After Stage 2 is complete and all lines have been compiled, we then execute point 2 in the above: finding the JUMP instructions and compiling the operands using the labels dictionary we just built up. In the code, this is described as ‘Linking’ (this is in the setupAndStart() function, after the compilation stage):
for lineNumber in range(0, len(compiled)):
if (compiled[lineNumber][0] in jumpOpcodesCompiled):
try:
compiled[lineNumber][1] = compileValue(labels[compiled[lineNumber][1]], None)
except KeyError:
print "ERROR: LABEL: ", compiled[lineNumber][1], " is never defined."
sys.exit(1)
In the above code example, we are checking each line of code in the list of ‘compiled’ lines to see if it contains a JUMP instruction. If it does, we identify the second item in the 2-item list (the operand) and look it up in the ‘labels’ dictionary (the dictionary containing all the LABELs and the corresponding line number they should point to). We then convert convert the base-10 integer to binary and return the compiled line.
Stage 4 – Outputting finished product
Finally – the ‘compiled’ list now contains the whole programme, compiled to binary. We just have to convert each 8-character string of binary characters to a byte, concatenate them together and then write them out as a binary file and it’s ready to go onto the CPU!
The easiest way to do this in Python 2.7 is using the chr(int) function. The chr(int) function takes an integer as a parameter and returns a character according to the ASCII scheme. Since the ASCII system stores characters in 8 bits (the same as our CPU), outputting the characters into a binary ASCII file is all we have to do – that file can then be written to the memory of our CPU, and voila!
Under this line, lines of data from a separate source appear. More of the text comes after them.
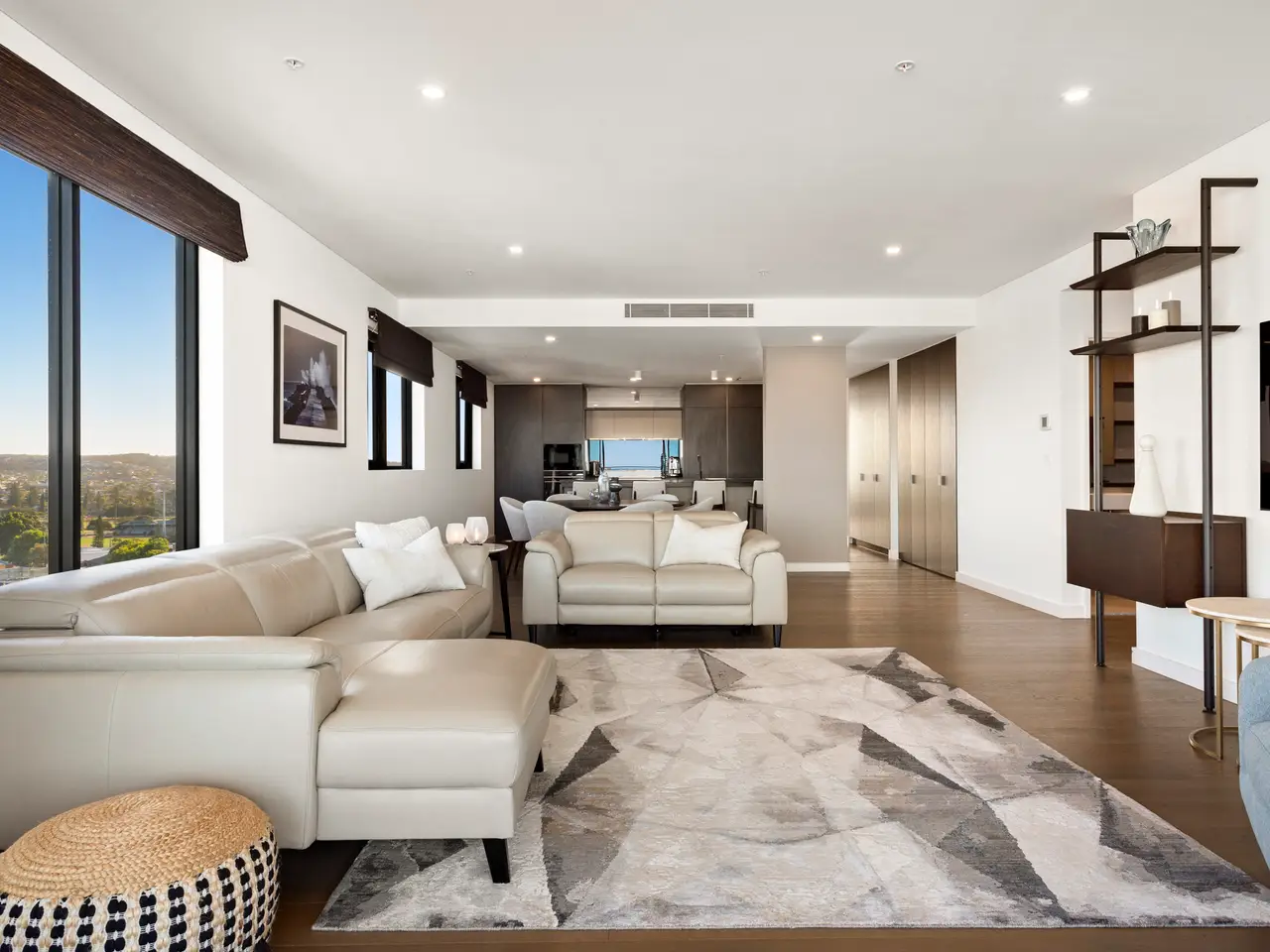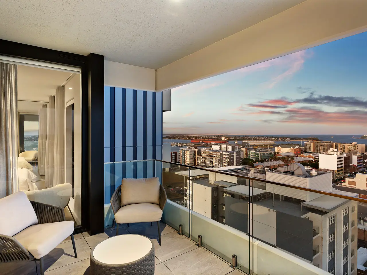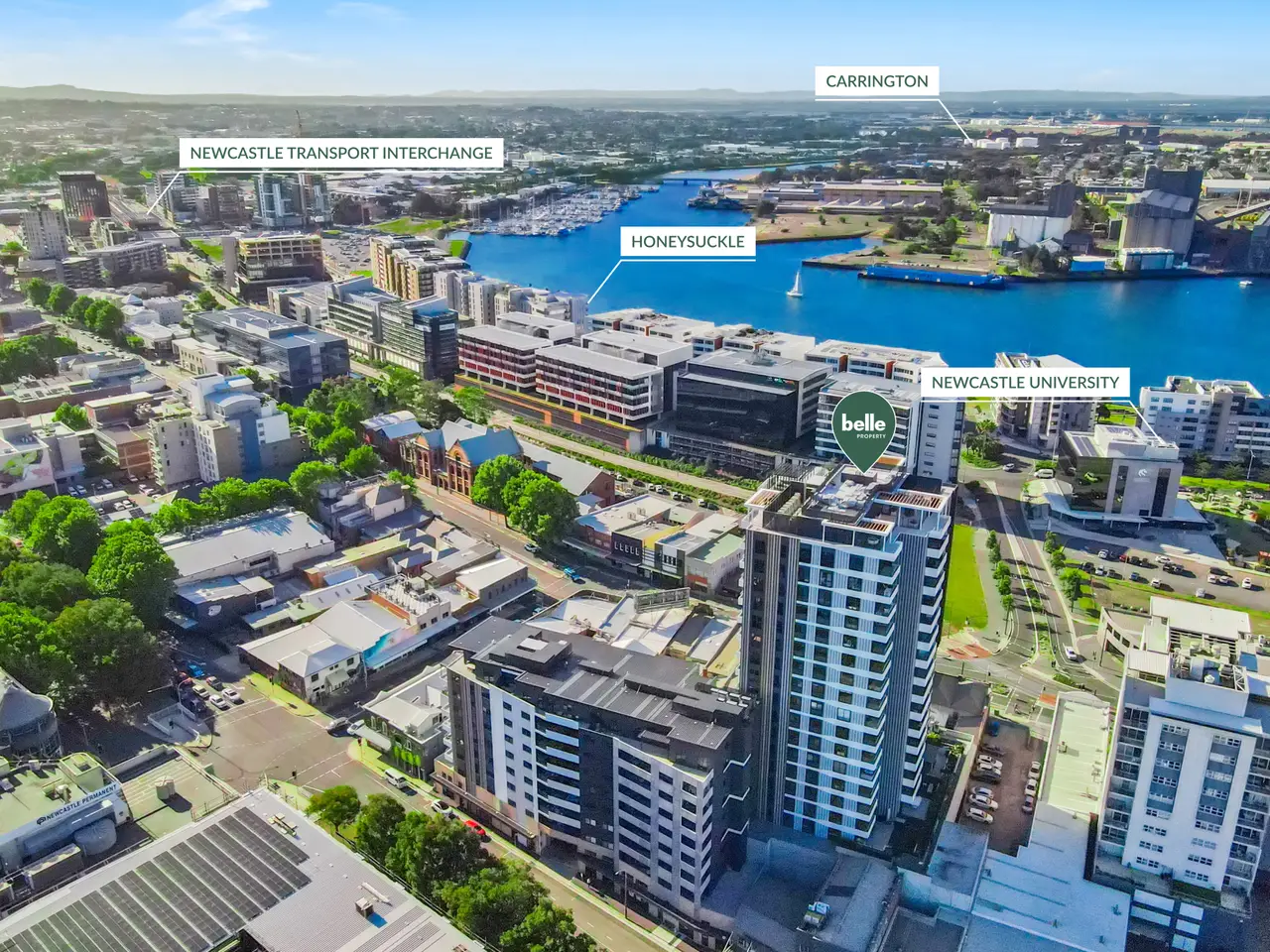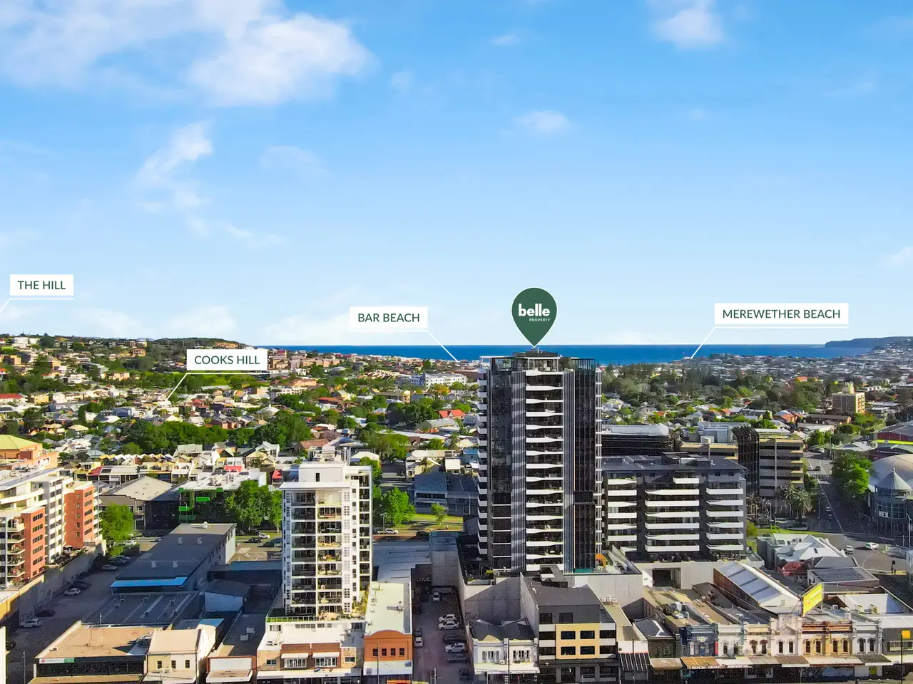Located in one of Newcastle's most exclusive CBD positions, this opulent apartment set in the coveted 'Sky Residences' is a celebration of luxury and style, possessing a sensational 180-degree view across the city skyline, coast and mountain ranges from private east and west alfresco terraces, punctuating the outlook from both living areas and the master suite. Elegant simplicity is at the heart of the interior, with a rich palette of materials and an industrial theme embodying luxury of international standards, showcasing bespoke finishes that deliver ultra-luxe living in a setting that is both private and secure. Perfectly placed to access a plethora of fine dining options, designer stores, and Newcastle's thriving city centre, this is a rare opportunity to acquire a prized property, complimented by an inspiring vista, a top position, and plenty of prestige. - Generous provision of space and proportion – this apartment is house-like in size - Curated to complement breathtaking views that form a dramatic backdrop to daily life - Sun-splashed open plan interior with a media room and two alfresco terraces - Smooth stone surfaces, integrated Smeg appliances and butler's pantry appoint the kitchen - Three bedrooms (two oversized), three bathrooms (incl. two en suites), ducted air conditioning - Engineered timber flooring, Euro laundry, designer lighting walk/built-in wardrobes - Remote garage access to a whopping two secure car parks; intercom system and swipe card - Resident-only amenities include an in-ground pool, well-equipped gym, and rooftop terrace - Exit the building for cafes, light rail, and shopping, stroll to Honeysuckle Precinct and beaches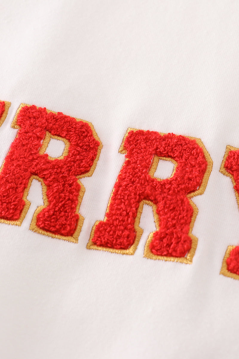 Spread some holiday cheer with this White Merry Christmas French Knot women's top! Its festive design and French knot detailing highlight your playful Christmas spirit. Perfect for casual gatherings and family photos. (Wink, wink to Santa!)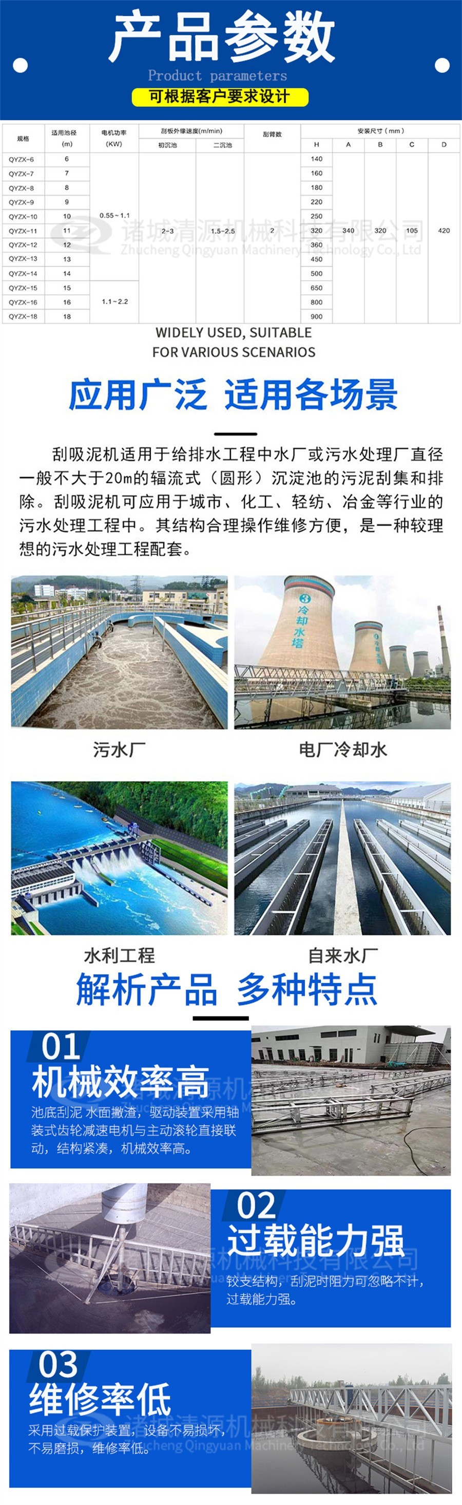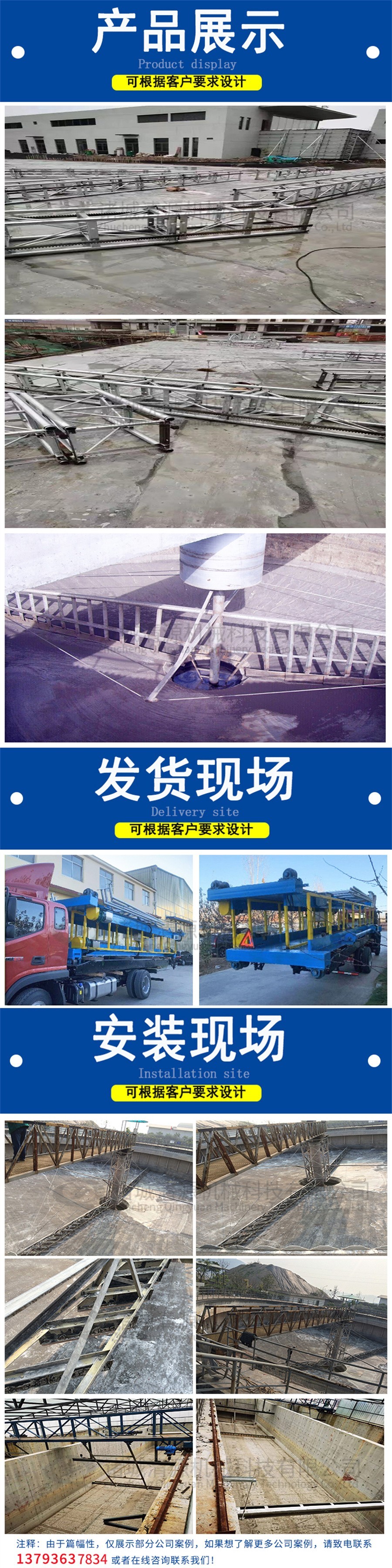 我公司除生产周边传动刮泥机外还生产中心传动刮泥机,行车式提耙刮泥机,污泥压滤机,污泥脱水一体化等其他污泥浓缩刮泥设备。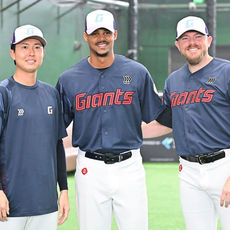 2026.01.31 13: 10포즈 취하는 롯데 새 외국인 투수 쿄야마, 로드리게스, 비슬리
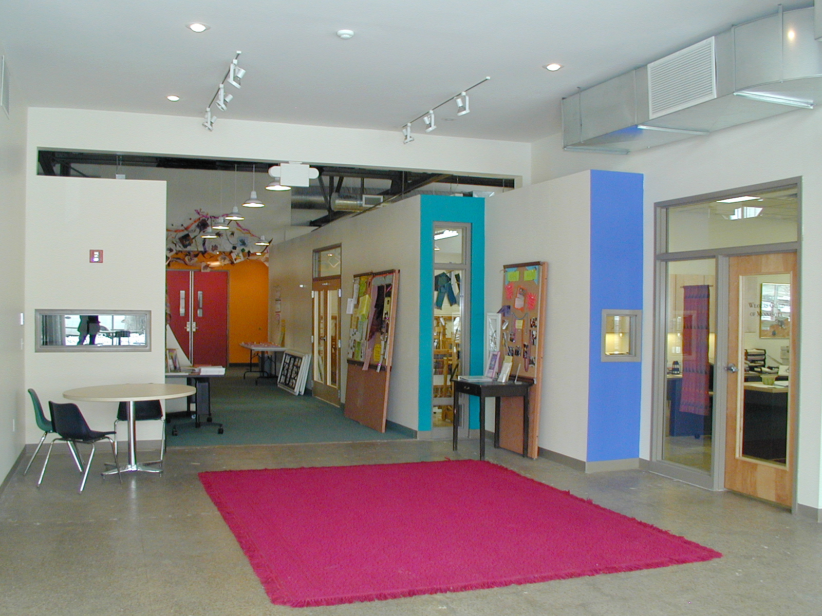 The Textile Center is a national center for fiber art. Honoring textile traditions, the Center inspires widespread participation in fiber art through its classes, discussions and exhibitions. Flannery’s work created an airy pleasant environment for classrooms and exhibition spaces.

The CPU will execute our code.
def outputToBinary(compiledCode):
outputData = ''
while (len(compiledCode) > 0):
temp = int(compiledCode[0:8], 2)
outputData += chr(temp)
compiledCode = compiledCode[8:]
f = open(outputFileName, 'wb') #b means binary mode on Windows
f.write(outputData)
return True
In the above code, we first initialise an empty string which will contain our output data (the compiled code). While there are still bytes to be compiled (that the length of compiledCode is still greater than 0), we isolate the next byte, convert it to an Integer, and then convert it to a binary ASCII character using the chr function. We then append that to the outputData, and remove the byte (8-bits) we just processed from compiledCode (so that the next byte can be processed). When all the bytes have been compiled, we open a file in write mode and write the data to that file.
Our compiler also has the ability to output ‘human-readable’ code, i.e. code that is separated by line and includes a space in-between the opcodes and operands. This is controlled by toggling a boolean, and makes debugging much easier.
Example
Let’s take the following sample program:
input // load the accumulator from the input panel
load 0 // overwrite the value in the accumulator to 0
LABEL AddEight // label this piece of code 'AddEight'
add 8
JUMP AddEight
// this block never runs
sub 7
subcy -7
Next we perform Stage 1: after comments, blank lines and labels are removed (with labels, after their line numbers have been recorded), the code looks like:
When compiled to binary ASCII it’s then not human readable or recognisable: you can try opening it in an editor (as I did with the above), which gives:
Compiled Program, opened in Vim
That’s it! A long post, but hopefully it was an interesting read!